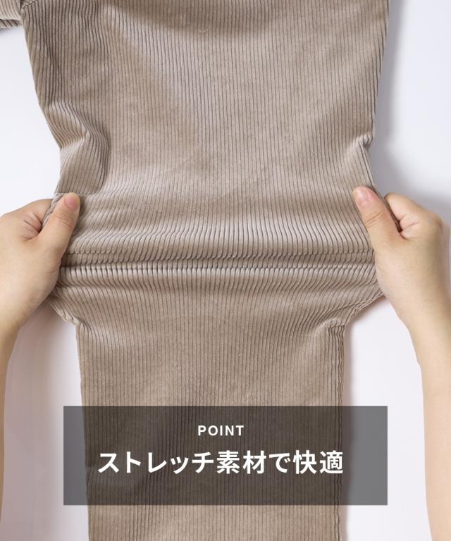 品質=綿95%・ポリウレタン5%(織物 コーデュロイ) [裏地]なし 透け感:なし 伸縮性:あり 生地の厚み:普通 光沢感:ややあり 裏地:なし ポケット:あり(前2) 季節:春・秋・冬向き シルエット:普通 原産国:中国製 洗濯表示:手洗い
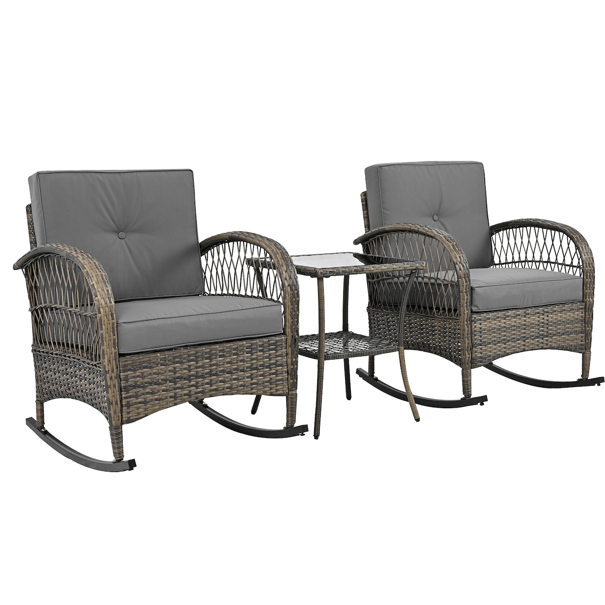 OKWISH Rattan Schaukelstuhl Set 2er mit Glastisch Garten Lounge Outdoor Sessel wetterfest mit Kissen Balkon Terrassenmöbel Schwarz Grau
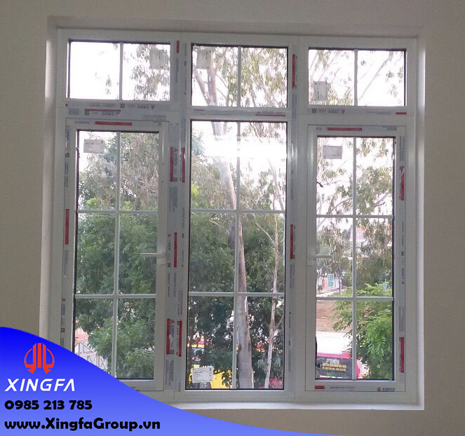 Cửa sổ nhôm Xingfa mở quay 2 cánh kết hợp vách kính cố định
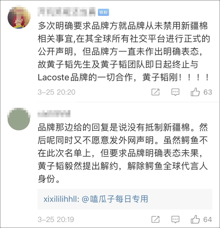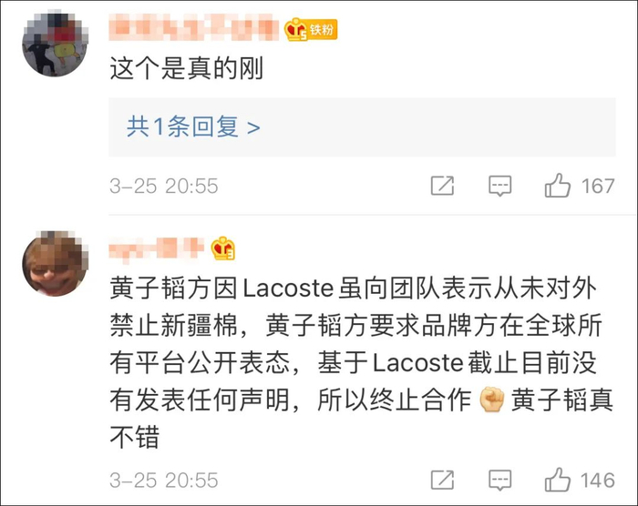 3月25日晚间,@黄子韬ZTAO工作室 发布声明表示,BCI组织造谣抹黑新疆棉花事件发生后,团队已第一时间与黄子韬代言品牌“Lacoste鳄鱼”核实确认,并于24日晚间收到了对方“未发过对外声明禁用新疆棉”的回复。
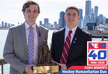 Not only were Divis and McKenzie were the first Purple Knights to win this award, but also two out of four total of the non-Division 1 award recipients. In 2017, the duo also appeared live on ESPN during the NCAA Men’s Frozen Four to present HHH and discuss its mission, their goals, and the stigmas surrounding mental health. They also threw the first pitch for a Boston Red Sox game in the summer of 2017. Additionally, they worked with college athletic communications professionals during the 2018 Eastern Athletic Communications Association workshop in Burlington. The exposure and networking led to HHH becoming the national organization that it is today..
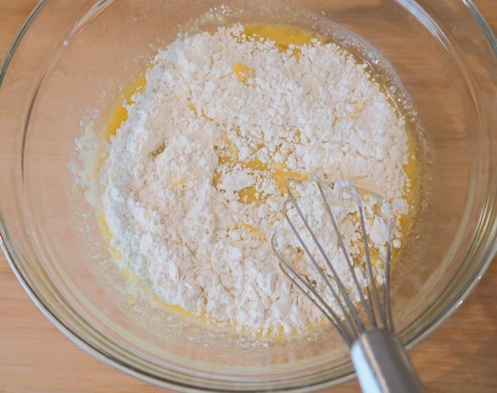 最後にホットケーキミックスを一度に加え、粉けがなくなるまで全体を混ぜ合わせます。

### What needs to be done
Give again, word for word, every line from the top of the data above to the line holding "Cửa sổ nhôm", inclusive, with the pictures left out.

### Exercise output
 品質=綿95%・ポリウレタン5%(織物 コーデュロイ) [裏地]なし 透け感:なし 伸縮性:あり 生地の厚み:普通 光沢感:ややあり 裏地:なし ポケット:あり(前2) 季節:春・秋・冬向き シルエット:普通 原産国:中国製 洗濯表示:手洗い
 OKWISH Rattan Schaukelstuhl Set 2er mit Glastisch Garten Lounge Outdoor Sessel wetterfest mit Kissen Balkon Terrassenmöbel Schwarz Grau
 Cửa sổ nhôm Xingfa mở quay 2 cánh kết hợp vách kính cố định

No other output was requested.